Непонятен странный запах изо рта и непонятно, какой же гигантской силой должен обладать убийца, чтобы свернуть шею этому великану без длительной, шумной и оставляющей множество следов борьбы. Впрочем, два минуса, как известно, иногда дают плюс. Можно предположить, что Олаф был сначала отравлен, приведен в беспомощное состояние каким-то ядом, после чего его и прикончили таким злодейским способом, который, между прочим, сам по себе тоже требует немалой силы. Да, такое предположение кое- что объясняет, хотя сразу же возникают новые вопросы. Зачем было добивать ослабевшего таким зверским и трудным способом? Почему его попросту не ткнули ножом или не придушили веревкой, на худой конец? Ярость, бешенство, ненависть, месть?.. Садизм?.. Хинкус? Может быть, и Хинкус, хотя Хинкус на вид, пожалуй, жидковат для таких упражнений... А может быть, не Хинкус, а тот, кто подбросил мне записку о Хинкусе?..

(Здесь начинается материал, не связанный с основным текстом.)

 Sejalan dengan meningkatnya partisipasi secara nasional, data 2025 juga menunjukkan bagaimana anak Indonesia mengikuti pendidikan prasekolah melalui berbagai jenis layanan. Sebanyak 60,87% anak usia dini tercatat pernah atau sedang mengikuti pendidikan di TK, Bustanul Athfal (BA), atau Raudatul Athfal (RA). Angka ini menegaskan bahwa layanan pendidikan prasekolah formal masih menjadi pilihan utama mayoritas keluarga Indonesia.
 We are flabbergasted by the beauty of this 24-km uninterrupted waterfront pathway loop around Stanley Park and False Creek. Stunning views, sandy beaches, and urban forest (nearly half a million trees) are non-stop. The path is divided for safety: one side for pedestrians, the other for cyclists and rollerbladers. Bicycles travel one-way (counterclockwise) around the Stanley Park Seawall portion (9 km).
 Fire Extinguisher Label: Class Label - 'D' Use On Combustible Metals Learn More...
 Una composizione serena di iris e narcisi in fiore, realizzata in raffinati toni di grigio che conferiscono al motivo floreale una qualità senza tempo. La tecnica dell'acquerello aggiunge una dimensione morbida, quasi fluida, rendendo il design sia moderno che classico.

Нет, так у меня не пойдет. Ну почему это не фальшивый лотерейный билет и не подчищенная бухгалтерская книга? Там бы я быстро разобрался... Вот что мне надо сделать: сесть в автомобиль и гнать по дороге до самого завала, а там попытаться перейти завал на лыжах, добраться до Мюра и вернуться сюда с ребятами из отдела убийств. Я даже приподнялся было, но снова сел. Хороший, конечно, это был выход, но уж больно плохой. Оставить здесь все на произвол судьбы, дать убийце время и разные возможности... оставить дю Барнстокра, которому грозили... Да и как я переберусь через завал? Можно себе представить, что это такое: лавина в Бутылочном Горлышке.
В дверь постучали. Вошел хозяин, неся на подносе чашку с горячим кофе и сандвичи.

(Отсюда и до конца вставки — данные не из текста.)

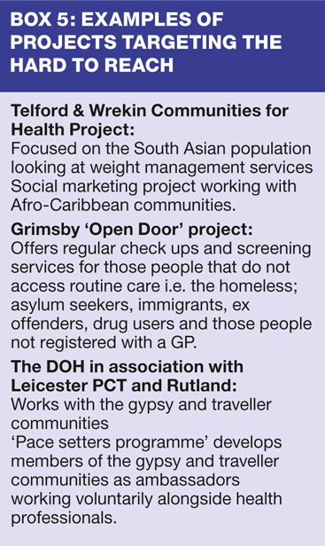 The Diabetes UK website contains examples of good practice, with contact details for projects targeting specific 'hard to reach' vulnerable and/or disadvantaged communities. Table 5 describes just some examples that could be replicated to other areas.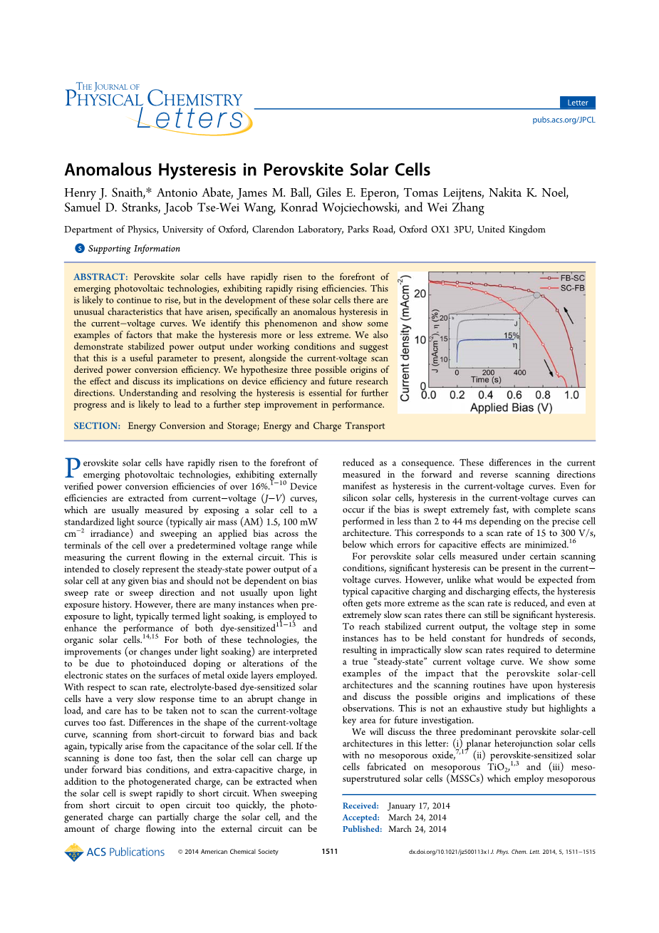 Henry J. Snaith,* Antonio Abate, James M. Ball, Giles E. Eperon, Tomas Leijtens, Nakita K. Noel,Samuel D. Stranks, Jacob Tse-Wei Wang, Konrad Wojciechowski, and Wei Zhang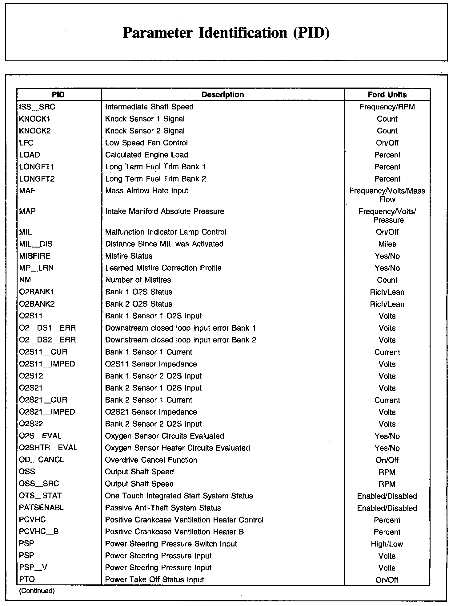 Home >> Ford >> 2010 >> Edge FWD V6-3.5L >> Repair and Diagnosis >> Powertrain Management >> Computers and Control Systems >> Testing and Inspection >> Scan Tool Testing and Procedures >> Parameter Identification (PID)

— Машины все на месте, — объявил он, ставя передо мною поднос. — Лыжи тоже. Хинкуса нигде не нашел. На крыше валяются его шуба и шапка, но это вы, наверное, видели.
— Да, это я видел, — проговорил я, отхлебывая кофе. — А что однорукий?
— Спит, — сказал хозяин. Он поджал губы и потрогал пальцем натеки клея на столе. — Н-да... Так вот, он спит. Странный тип. Уже порозовел и выглядит вполне прилично. Я там держу Леля. Так, на всякий случай.
— Спасибо, Алек, — сказал я. — Идите пока, и пусть все будет тихо. Пусть все спят.
Хозяин покачал головой.
— Уже не выйдет. Мозес уже встал, у него свет... Ладно, я пойду. А Кайсу я запру, она у меня дура. Хотя она еще ничего не знает.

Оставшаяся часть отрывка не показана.